I'm stuck on a question. Okay, the PRE-adjustment trial balance as at 30 June 2013 says the Prepaid Rent Expense is 9000. Reports are prepared on a quarterly basis. The Prepaid Rent Expense was paid 12months in advance on 1 January 2013, Calculate the Prepaid Rent Expense balance as at 30 June 2013.
So the answer is 6000 but I dont know how they got that because in my eyes,
9000 represents 12 months so thats 750 per month and 2250 per quarter and after one quarter (Jan to March) the Prepaid Rent Expense would be 6750 so then after another quarter (Apr-June) it should be 6750-2250 which is 4500. What am I doing wrong? :/
Its from a PES Exam btw.
Yes the balance is 6000.
You gotta work backwards with this question, and it helps to draw up a timeline.
Okay, so with this Question, the first thing to note, is that Reports are prepared quarterly, and since we have been told that we are now on Balance Day at June 30 2013, it means that this Reporting Period is April-June. Why? Quarterly is three months, so counting backwards from June three months is April 1. It might help if I said these are the Reporting Periods:
* Jan, Feb, March
* April, May, June
* July, August, September
* October, November, December
Sometimes they may trick you and it won't be as simple as that for quarterly Reporting Periods, which is why you gotta work backwards from the date given.

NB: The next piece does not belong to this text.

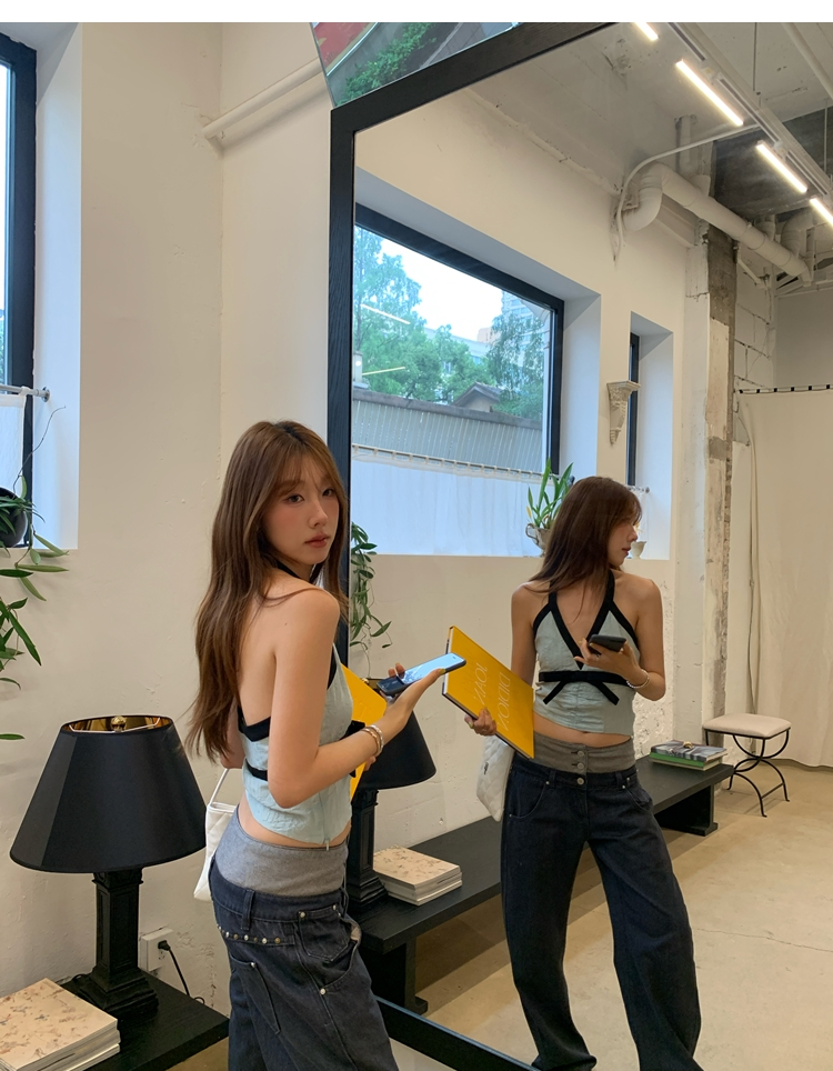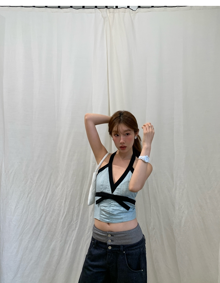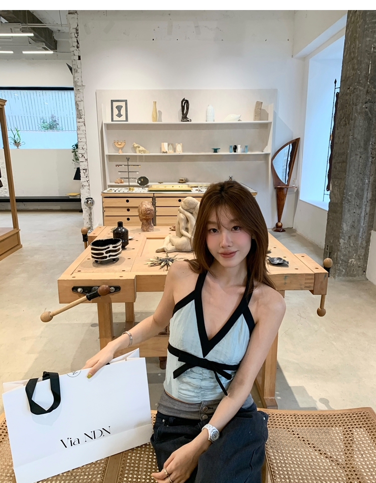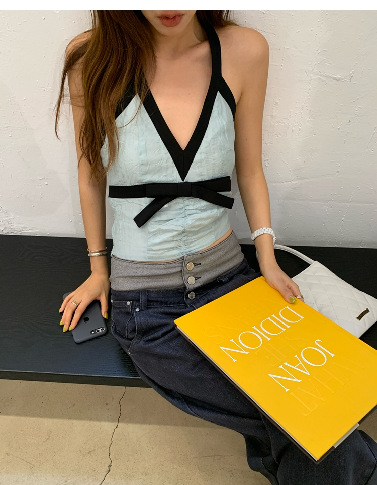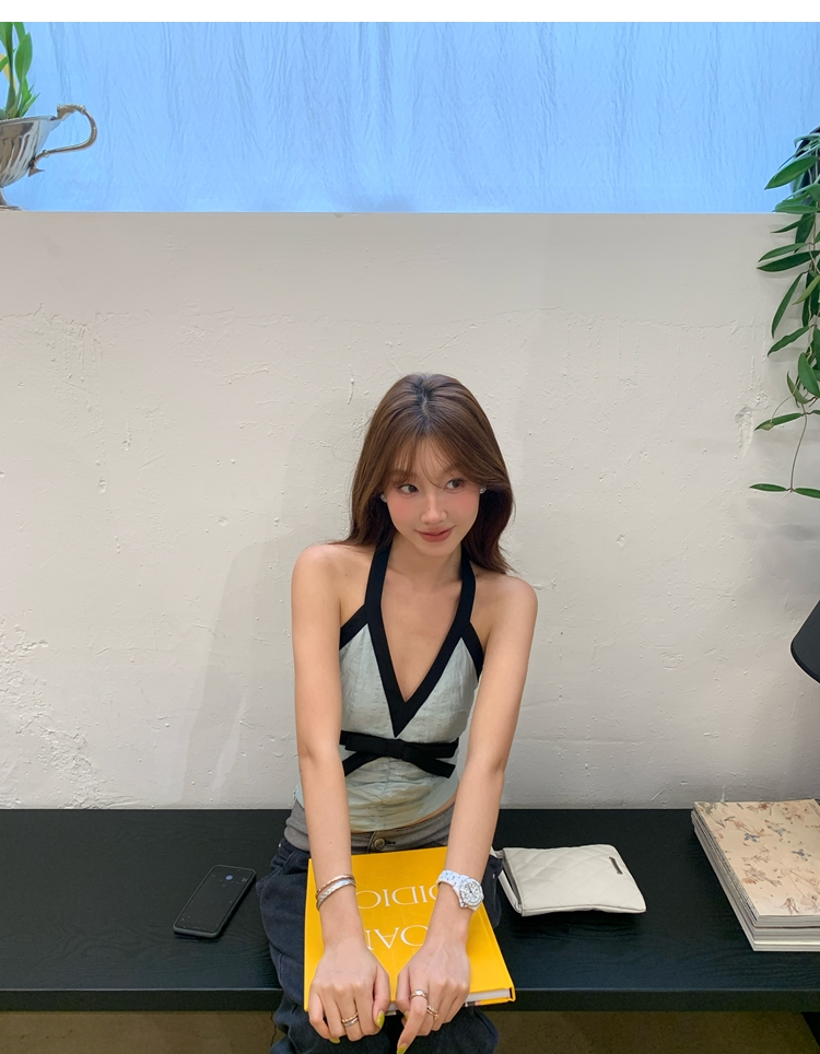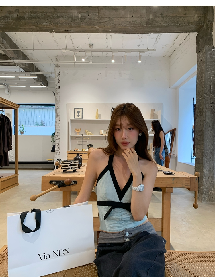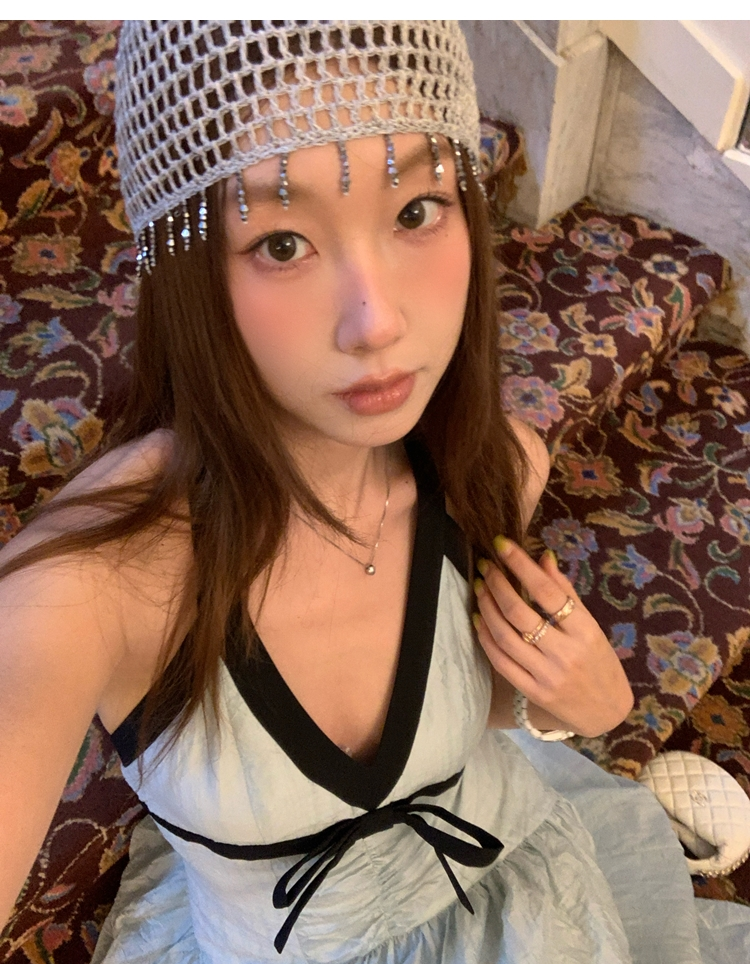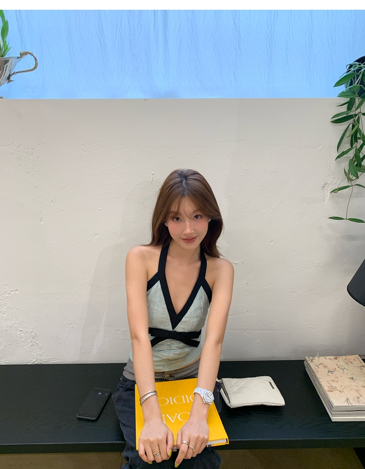 Dual Version Golden V-neck Strap Necklace Backless Top / Long Dress

So from this timeline, where are we?
* Jan, Feb, March
* April, May,
June <----- HERE! We're on Balance Day for the end of the Reporting Period, so June 30.
* July, August, September
* October, November, December
Now look back at the Balance of the Prepaid Rent Expense and it was $9000. This was as at April 1, 2013 because the Reporting Period is April to June. Then, look at when the Prepaid Rent Expense was paid, and for how long. So we can see that it was paid on January 1 2013 for 12 months (annual). So, January, February and March have already been accounted for, and the Expense was allocated in the previous Reporting Period as at March 31, so cross them out:
*
Jan, Feb, March* April, May,
June <----- HERE! We're on Balance Day for the end of the Reporting Period, so June 30.
* July, August, September
* October, November, December
After the last Reporting Period concluded, how many months were left on the Prepaid Rent Expense? 12 minus 3 (Jan, Feb, March) = 9. So as at April 1, 9 Months are left. So now, the balance was 9000, and divide this by 9 months remaining = $1000 per month is the Expense, so for a Reporting Period, its 3x$1000=$3000
So now, the question is asking, whats the balance as at June 30 2013. So now we need to take off another 3 months (April, May, June) because we have already consumed them.
*
Jan, Feb, March*
April, May, June <----- HERE! We're on Balance Day for the end of the Reporting Period, so June 30.
* July, August, September
* October, November, December
How many months left on the Prepaid Rent Expense? 6 months. And just before, we calculated the amount for each month is $1000 per month. So 6 x $1000 = $6000 remaining for the Prepaid Rent Expense, as at June 30 2013.
Hope this helps! I tried to break it down as much as I could, but if you still don't get one of the steps, let me know.
The mistake you made was thinking that the whole Prepaid Rent Expense paid on January 1 2013, was $9,000, and missed the Balance Day date on March 31 2013, when the Expense for January to March was already accounted for and recognised as an Expense in the previous Reporting Period.